The induction of the antioxidant enzyme haem oxygenase-1 (HO-1) is a general response to oxidant stress in mammalian cells (Keyse and Tyrrell, 1989). Rothfuss et al. (2001) observed that an increase in HO-1 protein was associated with decreased oxidative DNA damage in lymphocytes exposed to hyperbaric oxygen. However, little is known about the time-course of HO-1 up-regulation in mononuclear cells. Therefore, the aim of the present study was to assess the HO-1 protein response over time in freshly harvested monocytes and lymphocytes exposed to oxidant stress in the form of hydrogen peroxide (H₂O₂).
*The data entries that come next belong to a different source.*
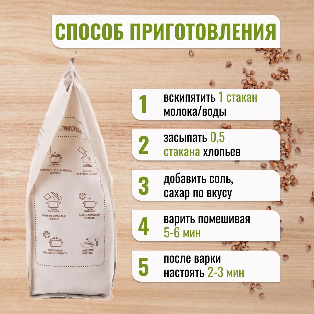 Для приготовление гречневых хлопьев необходимо: вскипятить 1 стакан молока или воды, засыпать 0,5 стакана хлопьев, добавить соль, сахар по вкусу, варить помешивая 5-6 минут. После варки настоять 2-3 минуты.
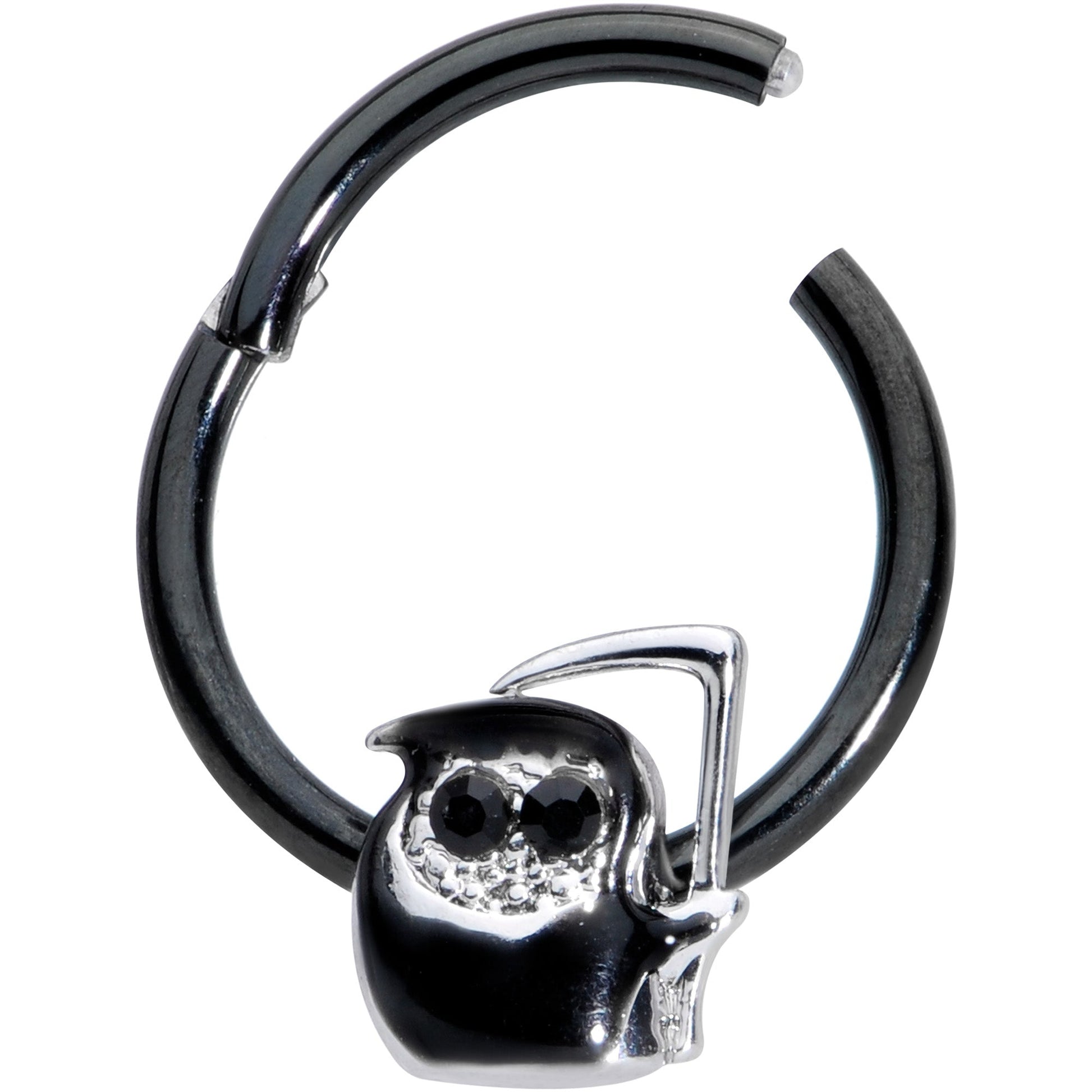 16G 3/8 Black Gem Grim Reaper Halloween Hinged Segment Ring
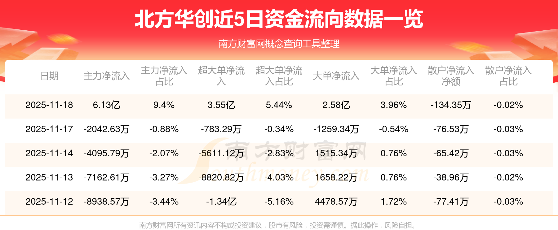 资金流向数据方面,11月18日主力资金净流流入6.13亿元,超大单资金净流入3.55亿元,大单资金净流入2.58亿元,散户资金净流出134.35万元。
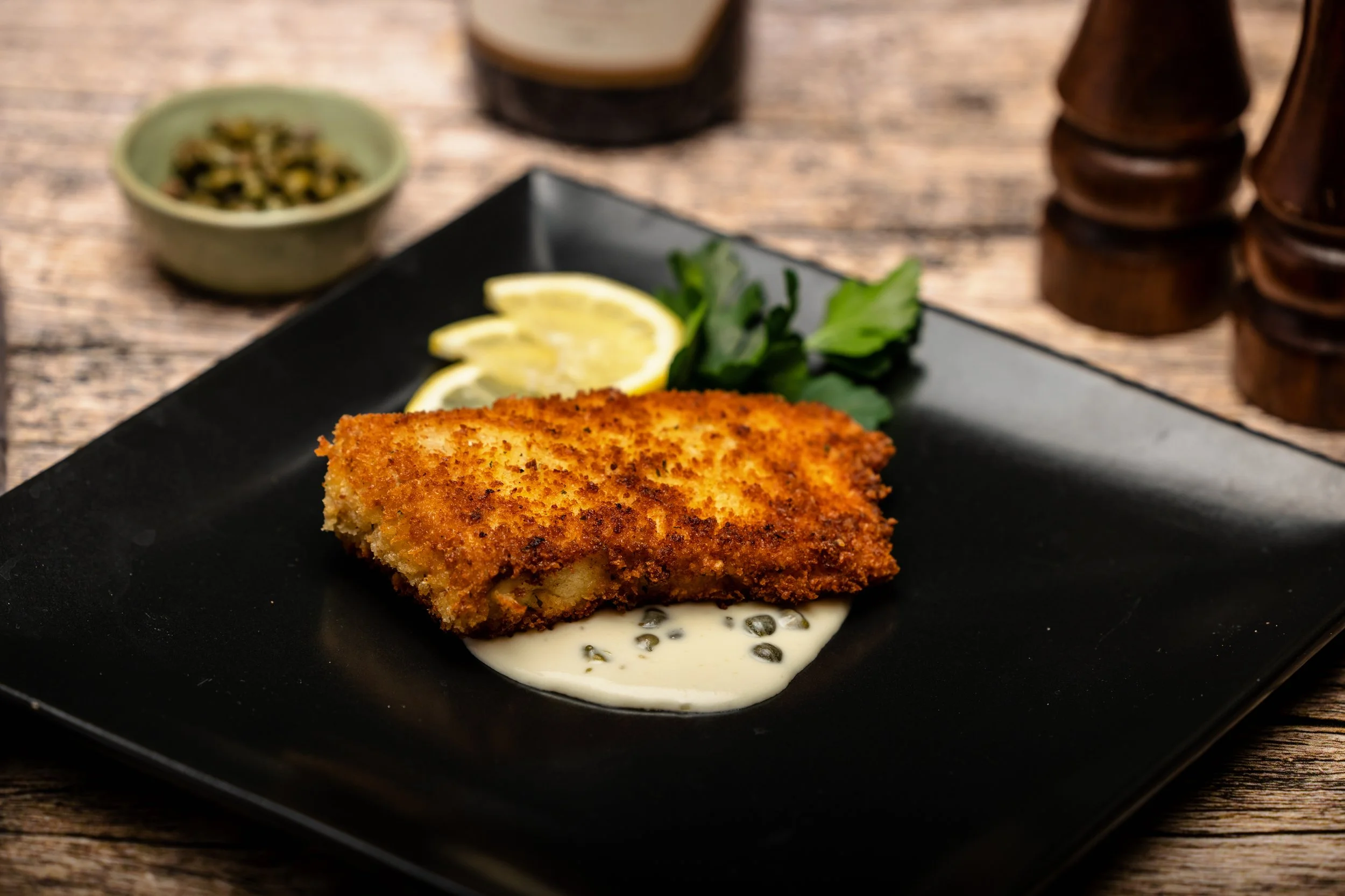 Panko Crusted Alaskan Halibut with Lemon Caper Sauce
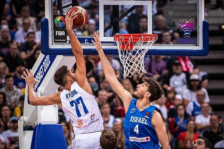 Атакующий защитник сборной Чехии Томаш Кизлинк в первой четверти матча против команды Израиля прошел вдоль лицевой линии и исполнил эффектный данк одной рукой через Романа Соркина.
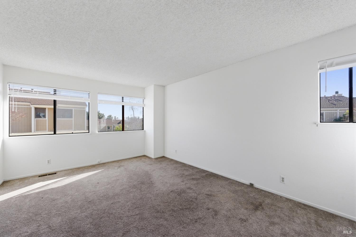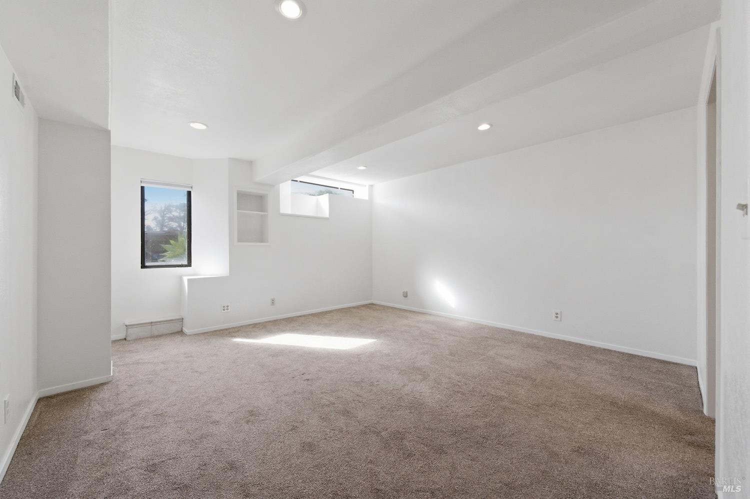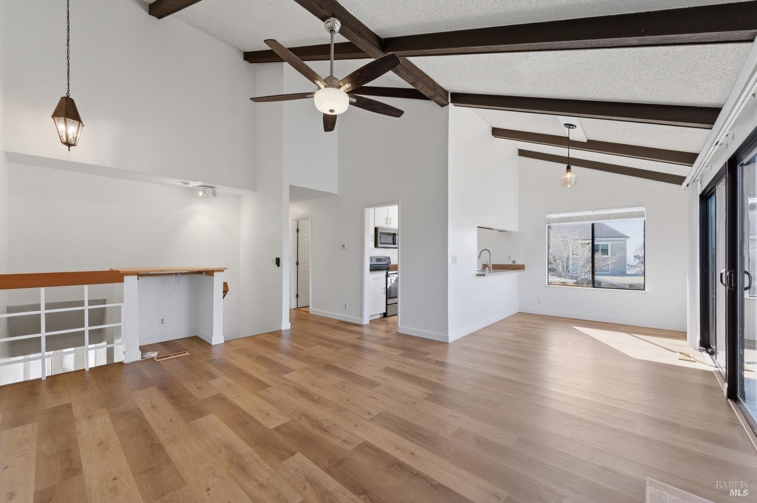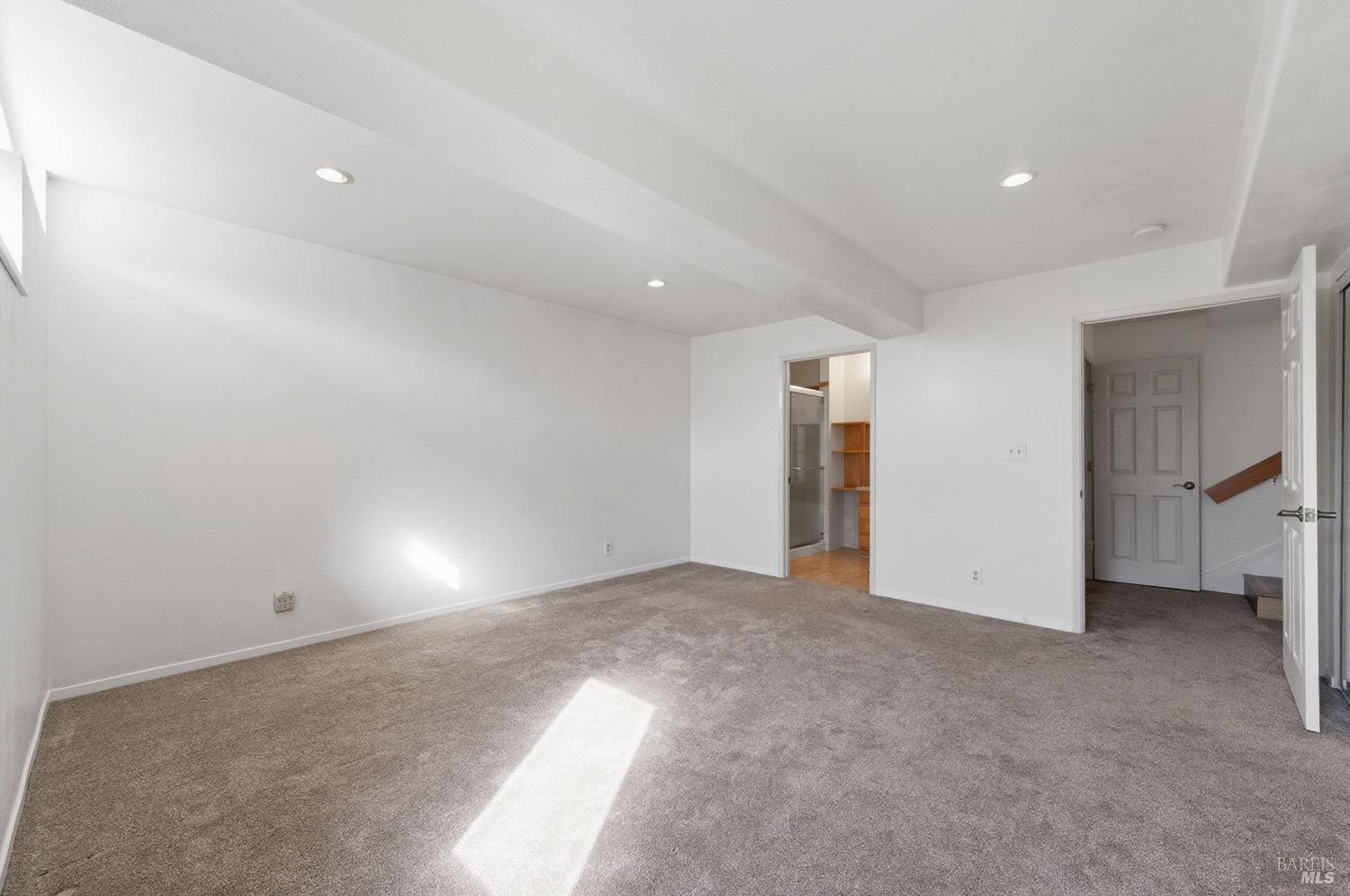 Perched on the hill, this home offers a premier location where the views are spectacular, access to town, trails and amenities are so close! Welcome home to this spacious and sun-drenched 3 bedroom, 2 bathroom home in the community of Shelter Ridge in Mill Valley. Imagine living in a home that feels bright and open, with vaulted ceilings accented by exposed beams and large windows throughout the main living areas. Warm wide-plank LVP flooring runs throughout the living and dining spaces. The galley kitchen features high-end stainless steel appliances, including a dishwasher and large pantry, a breakfast bar flows into the dining area that opens to the private patio, making it ideal for entertaining or relaxing and enjoying scenic views toward Mt. Tamalpais and Bayfront Park. The 2 upstairs Bedrooms are generously sized with plush carpeting and ample closet space, including a spacious lower-level room primary suite, guest space, or home office with two spacious closets just outside the bedroom. The two-car garage offers direct interior access and includes a workbench, laundry area, and ample storage. Residents enjoy access to resort-style amenities including a swimming pool, tennis courts, and a private community room, all set within beautifully landscaped grounds. The location is conveniently close to Highway 101, Whole Foods Market, The Cantina, Hauke Park, Bayfront Park, and downtown Mill Valley. A great opportunity to enjoy comfortable, low-maintenance living in one of Mill Valley's most well-kept communities.

After local ethical committee approval, seven male subjects (age 26 ± 2 years, height 1.77 ± 0.15 m, and body mass 80 ± 2 kg; mean ± S.E.M.) reported to the laboratory following an overnight fast. Subjects rested in a supine position for ten min prior to a venous blood sample (25ml) being taken. Subjects refrained from exercise, drinking alcohol and kept a record of their food and fluid intake for three days prior to blood sample collection. Mononuclear cells were isolated from peripheral blood and exposed to 50 µM H₂O₂ for 30 min at 37°C. Levels of HO-1 protein were analysed by flow cytometry (FACScan, Becton Dickinson, USA) using a monoclonal antibody (Stressgen, Canada) and fluorescein isothiocyanate conjugated secondary antibody (FITC) (Sigma, UK) at 4, 6, 24 and 48 h after treatment. HO-1 protein was expressed as the percentage change from the initial baseline value using the median fluorescence intensities of the treated and corresponding sham-treated controls. Data were analysed at each timepoint using a one-way ANOVA with post-hoc Tukey’s test where appropriate. Statistical significance was accepted at P < 0.05.

There was a significant increase in HO-1 protein over time in both cell types (P < 0.01). The change in HO-1 protein was 287 ± 10 % and 183 ± 7 % at 48 h post treatment in lymphocytes and monocytes, respectively.

Maximum levels of HO-1 protein were observed in every subject at 48 h post H₂O₂ treatment in both lymphocytes and monocytes. There was very little variability in the HO-1 response at this timepoint.